WHAT YOU HAVE TO DO | In the records below, find the line containing "点击【新增】进入物料提升机新增页面,点击确定新增。", then copy that line and all lines after it, exactly, omitting every picture.

Items from a data source |

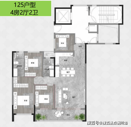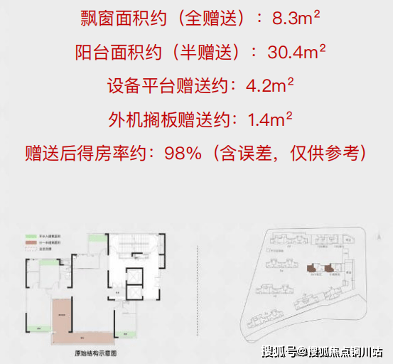 4房2卫格局,客厅面宽4.5米,阳台面宽7.3米,客厅可与南向次卧打通;形成超长的南向采光面。全赠送的全屋飘窗+ 半赠送的生活阳台和设备平台,实用面积约117m²,初步算得房率约96.8%。
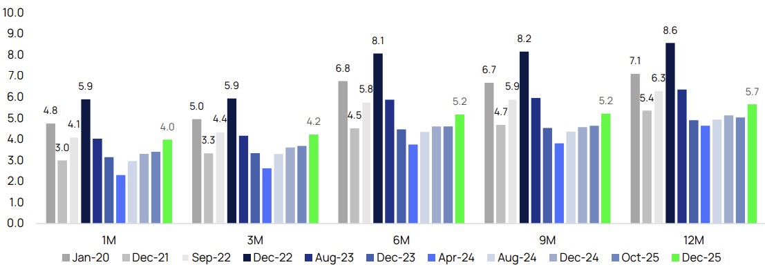 Đồng thời, Vietcap cho rằng NHNN nhiều khả năng sẽ tiếp tục duy trì lập trường chính sách tiền tệ nới lỏng nhằm hỗ trợ mục tiêu tăng trưởng, trong khi các căng thẳng thanh khoản mang tính thời điểm dự kiến sẽ hạ nhiệt dần sau giai đoạn cao điểm cuối năm.
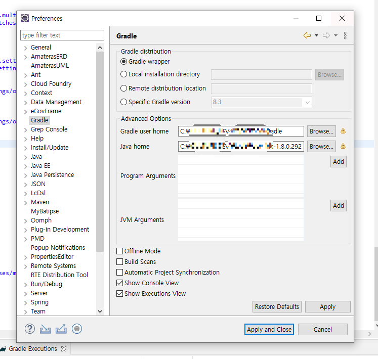 Window - Preferences - Gradle 에서 Java home 항목에 jdk 경로를 설정해주면 된다.
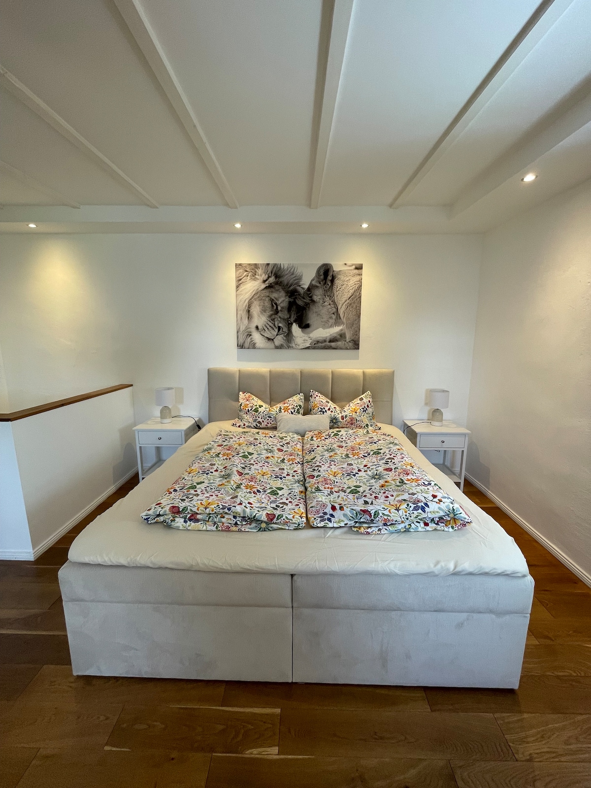 Das lichtdurchflutete Loft mit einer riesigen Panoramaterrasse ist frisch renoviert und befindet sich in dem schönen Detmolder Ortsteil Berlebeck direkt an der Fernwanderroute "Hermannsweg". Das Haus verfügt über einen großen Wohn,-Essbereich mit hohen Decken und großen Fensterfronten. Das Schlafzimmer mit einem Doppelbett und die offene Galerie mit 2 Einzelbetten laden zum Ausruhen ein. Zusätzliche Extras wie eine Wallbox und eine Klimaanlage lassen keine Wünsche offen.
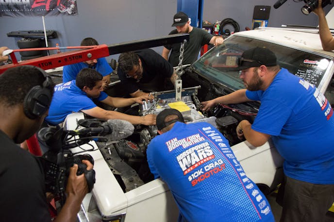 On last week’s episode of the $10K Drag Shootout things got a little tense in the shop as Team Boddie received a 50-pound weight penalty and had to pay the full price for the ported cylinder heads they received. The teams continued to work on finishing their cars with Team Bigun completing their chassis, while Stinky Pinky fell behind. Team Boddie also bounced back from the cylinder head controversy to win the Taco Eating contest, scoring a free nitrous kit from Nitrous Oxide Systems. Meanwhile, the Dream Team came in last in the feeding frenzy and had to be chained together for two hours, with the larger storyline of Big Daddy Dwayne Gutridge’s trash-talking.
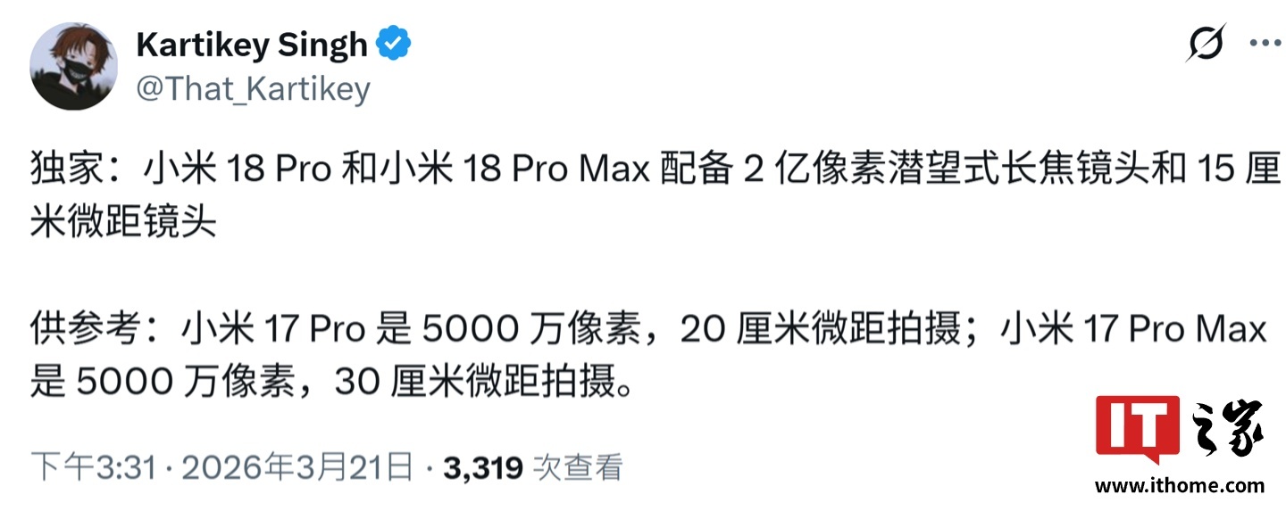 IT之家 3 月 23 日消息,消息人士 Kartikey Singh 上周(3 月 20 日)在 X 平台透露,小米 18 Pro 系列将是今年年底唯一一款搭载后置副屏的手机,并且也是唯一搭载 LOFIC+2 亿像素主摄 +2 亿像素长焦的小尺寸旗舰机型
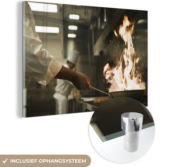 MuchoWow® Peinture sur Verre - Kok tenant une poêle brûlante - 30x20 cm - Peintures sur Verre Acrylique - Photo sur Glas
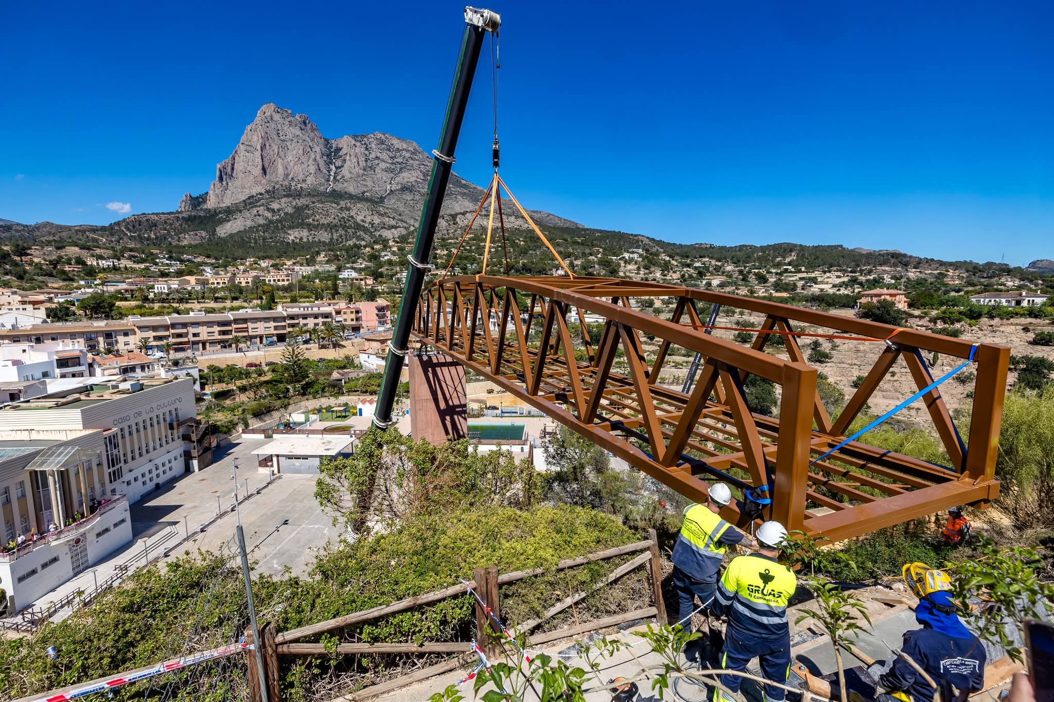 Finestrat instala la pasarela de 12 toneladas que conectará el ascensor con el Castell
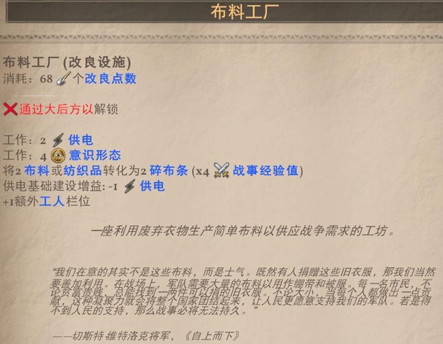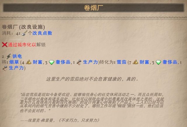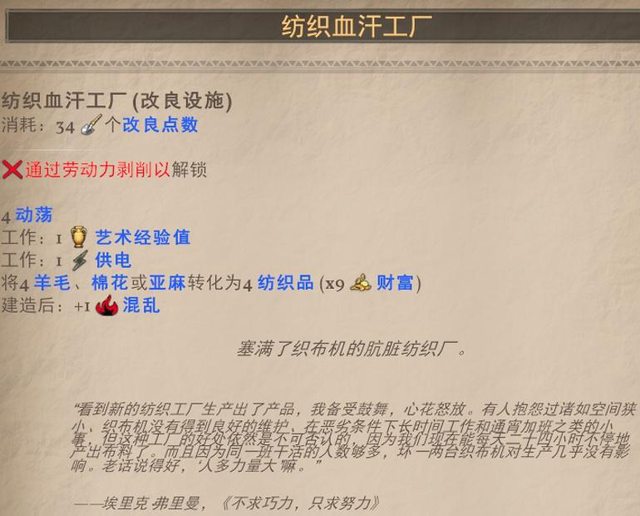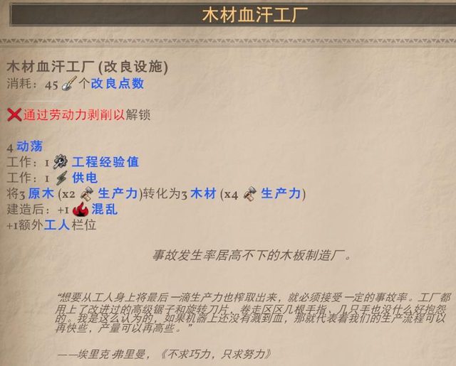 捨棄了帶來食物的效果 但卻能夠沒有工人卻能生產棉花2的能力,有工人則4棉花,但一樣沒有食物生產
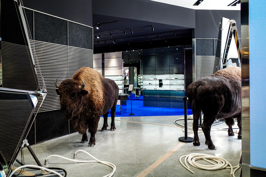 ความล้ำสุดเวอร์ตอนนี้ต้องยกให้ Gentle Monster แบรนด์แว่นตาสุดป๊อปที่ฮอตฮิตของเหล่าเซเลปท์และคนดังทั้งหลายจากกรุงโซล ประเทศเกาหลี ซึ่งตอนนี้ได้บินเปิดสาขาแรกในเมืองไทยแล้วทุกคน เชื่อว่าสายแฟตัวแม่ทั้งหลาย ต้องตาร้อน อยู่ไม่ติดแน่ๆ เพราะความปังของแบรนด์นี้มีแว่นตาเก๋ๆ ให้เลือกซื้อตามกันหลายแบบแน่นอน วันนี้เรามีโอกาสได้เข้าไปเยี่ยมชม อัพเดทสินค้าใน shop มาฝากทุกคนล๊าวว ซึ่งแบบมีเยอะมาก สวยและเก๋ทุกแบบ มีหลายรุ่นที่สามารถซื้อตาม Jackson Wang, ลิซ่า BLACKPINKได้จาก Shop เลยครับ มาพร้อมหลากหลายคอลเล็กชัน ไม่ว่าจะเป็น Gentle Monster BOLD Collection หรือจะเป็นคอลเล็กชัน Gentle Monster x Maison Margiela ที่ฮิตกันทั่วโลก ซึ่งได้ John Galliano มาร่วมดีไซน์ให้ รวมถึงเดือนกันยายนนี้จะออกแว่นสุดเอ็กซ์คลูซีฟในชื่อรุ่น Bangkok Limited อีกด้วยถือว่าเป็นแฟลกชิปสโตร์แห่งแรกของกรุงเทพฯ ที่มีพื้นที่ขนาดถึง 340 ตารางเมตร พร้อมดีไซน์อันเป็นเอกลักษณ์ไม่เหมือนที่ไหนอย่างแน่นอน ตัว Shop มีความสวยล้ำ ตกแต่งด้วยสไตล์ที่ให้ความรู้สึกเสมือนเดินอยู่ในอาร์ตแกลเลอรี่แบบไฮเปอร์เรียลลิซึ่ม เป็น Curated Creative Space นำเอาฝูงควายไบซันขนาดใหญ่ที่กระพริบตา กระดิกหางไปมาเหมือนมีชีวิต มาไว้ใน Shop ถึง 3 ตัว, มีแท่นหินสีขาวขนาดใหญ่ในรูปทรงหุ่นยนต์แมงมุม อีกหนึ่งไฮไลท์ คือมุมถ่ายรูปด้านข้างหน้ารูปปั้นดวงตาที่ขยับได้ มุมยอดฮิตอลังการสุดๆ มันเก๋แปลกตายืนหนึ่งไม่แพ้ shop ที่เกาหลีเลยครับ นำเอาการผสมผสานเรื่องราวของศิลปะ แฟชั่น ดีไซน์ และเทคโนโลยีเข้าด้วยกันได้อย่างเก๋ไก๋สุดๆ
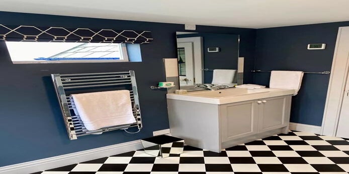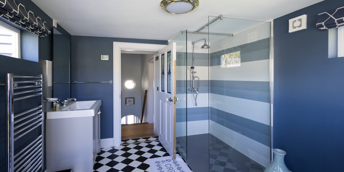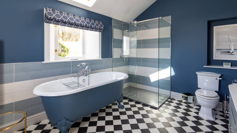 The main Bathroom, painted a Stiffkey Blue, has a massive Victorian roll top bath, state of the art rain shower, and heated mirror. The second Bathroom, upstairs, is also painted a Stiffkey blue, also has a state of the art rain shower and heated mirror.
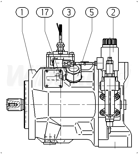 Axial piston variable pump A10V, swashplate design, open circuit, nominal pressure 280 bar, maximum pressure 350 bar. Series 31. Geometric displacement 45 cm3. Drive splined shaft ANSI B92.1a. Mounting flange ISO 3019-1 (SAE) 2-hole. SAE flange ports according to J518. Working ports metric. Fastening thread metric; lateral top bottom for through drive. Without through drive.
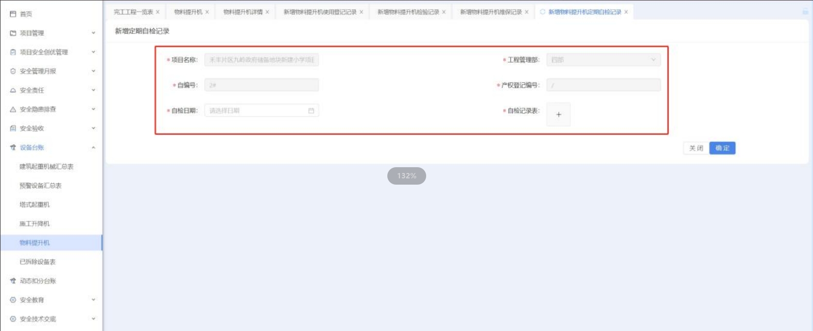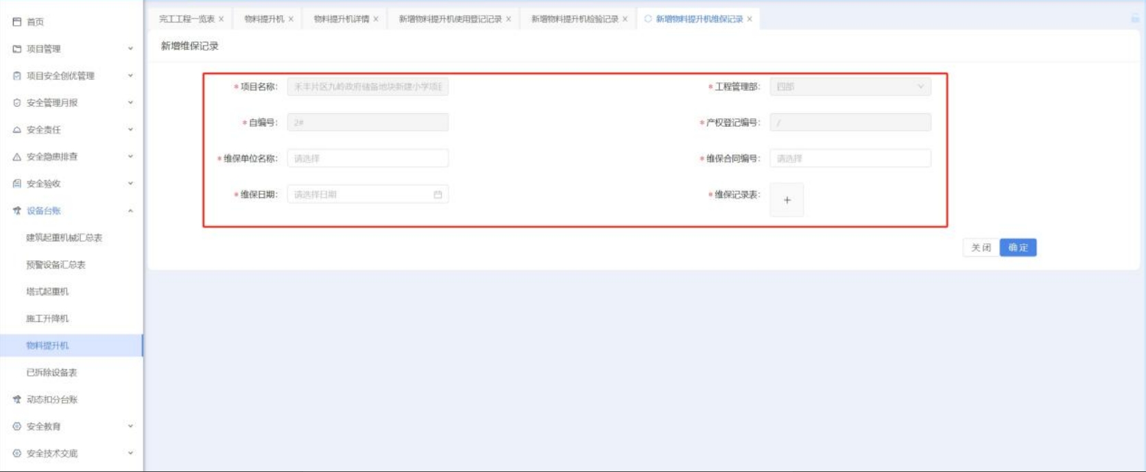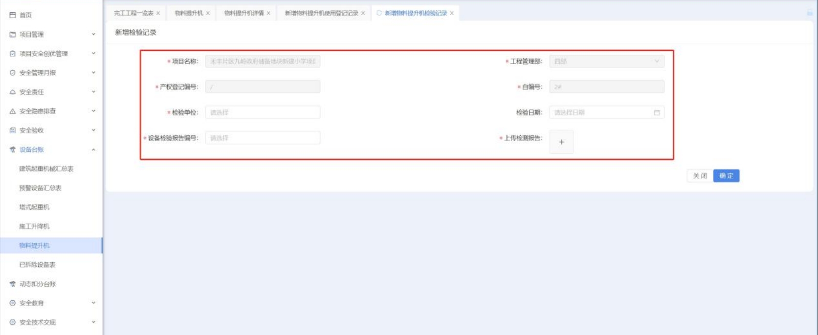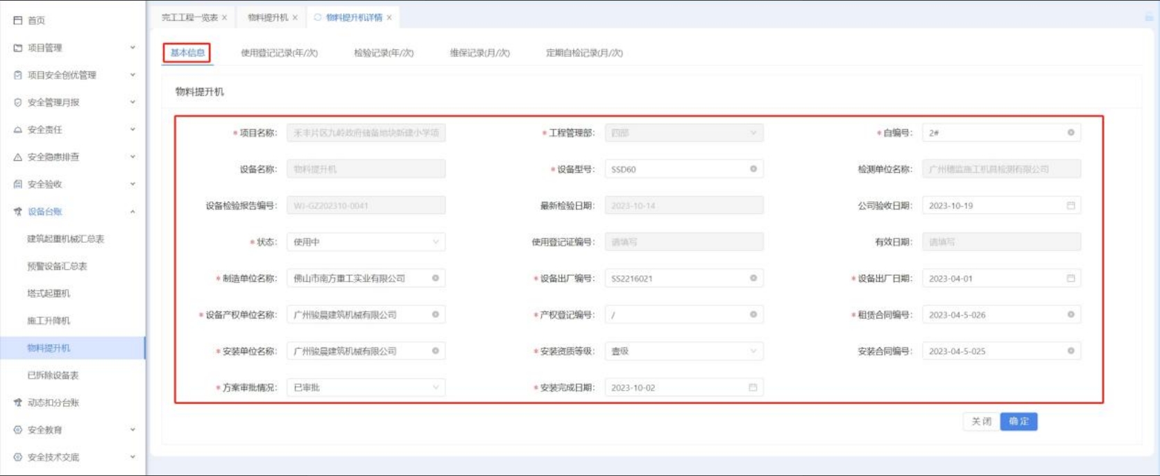 点击【新增】进入物料提升机新增页面,点击确定新增。
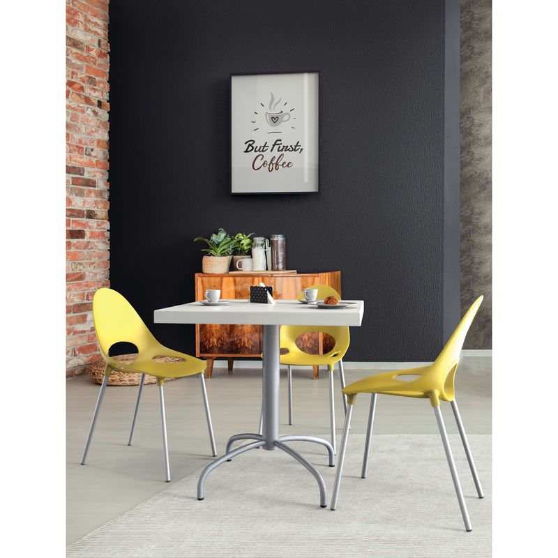 Más color y estilo para su casa con la silla Tramontina Elisa en polipropileno amarillo con patas de aluminio anodizado. Con capacidad de hasta 120 kilos y un diseño moderno y versátil, combina b... Ver más detalles
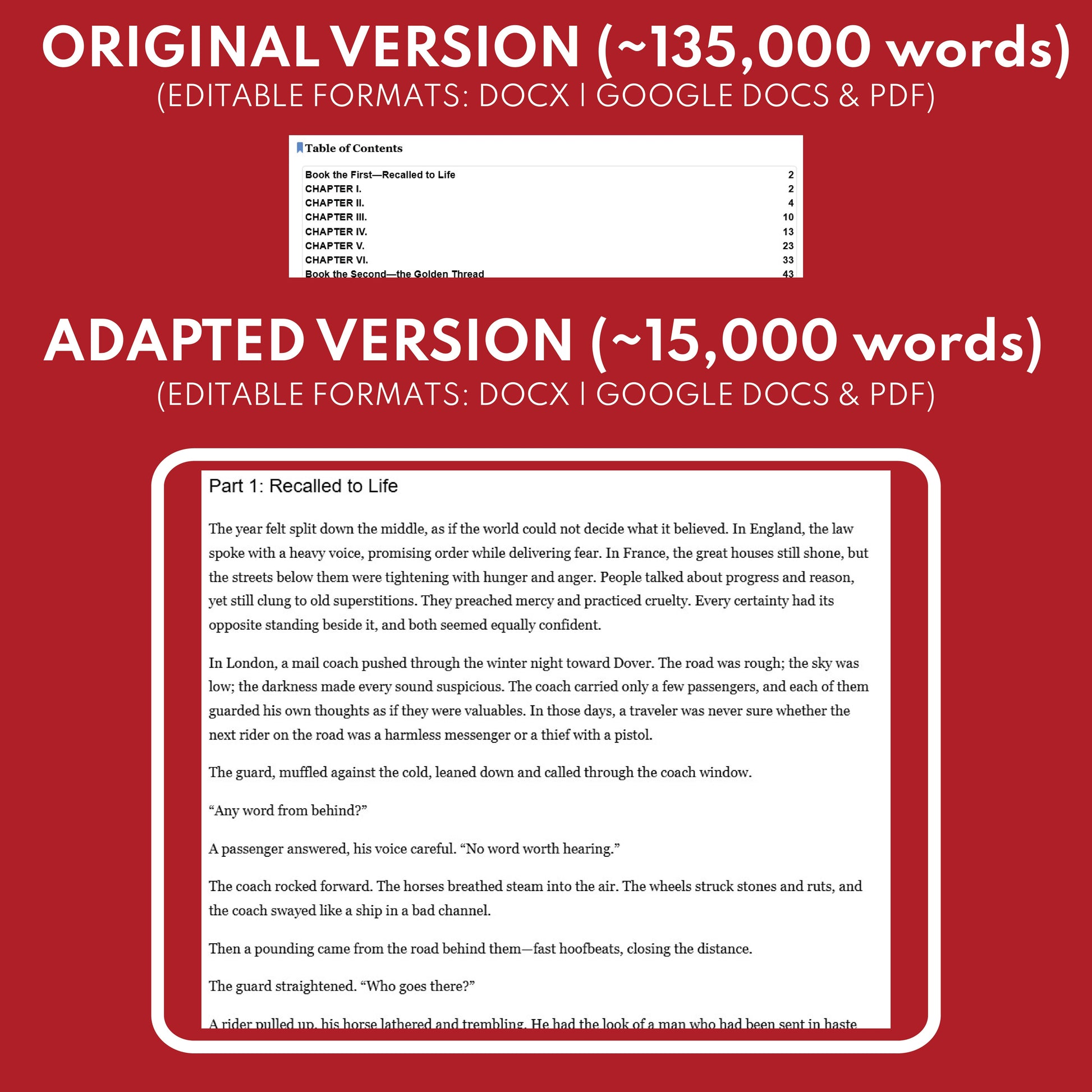 Here’s the solution: This differentiated novel study / digital lit-set solves that problem by giving you two complete reading tracks that stay perfectly aligned: the complete original text of A Tale of Two Cities plus a five-part adapted version designed for faster pacing and clearer access. The unit is mapped part-for-part to the original chapters (Parts 1–5), so students can read different versions while moving through the same storyline at the same time.

FINISHED EXERCISE |
 点击【新增】进入物料提升机新增页面,点击确定新增。
 Más color y estilo para su casa con la silla Tramontina Elisa en polipropileno amarillo con patas de aluminio anodizado. Con capacidad de hasta 120 kilos y un diseño moderno y versátil, combina b... Ver más detalles
 Here’s the solution: This differentiated novel study / digital lit-set solves that problem by giving you two complete reading tracks that stay perfectly aligned: the complete original text of A Tale of Two Cities plus a five-part adapted version designed for faster pacing and clearer access. The unit is mapped part-for-part to the original chapters (Parts 1–5), so students can read different versions while moving through the same storyline at the same time.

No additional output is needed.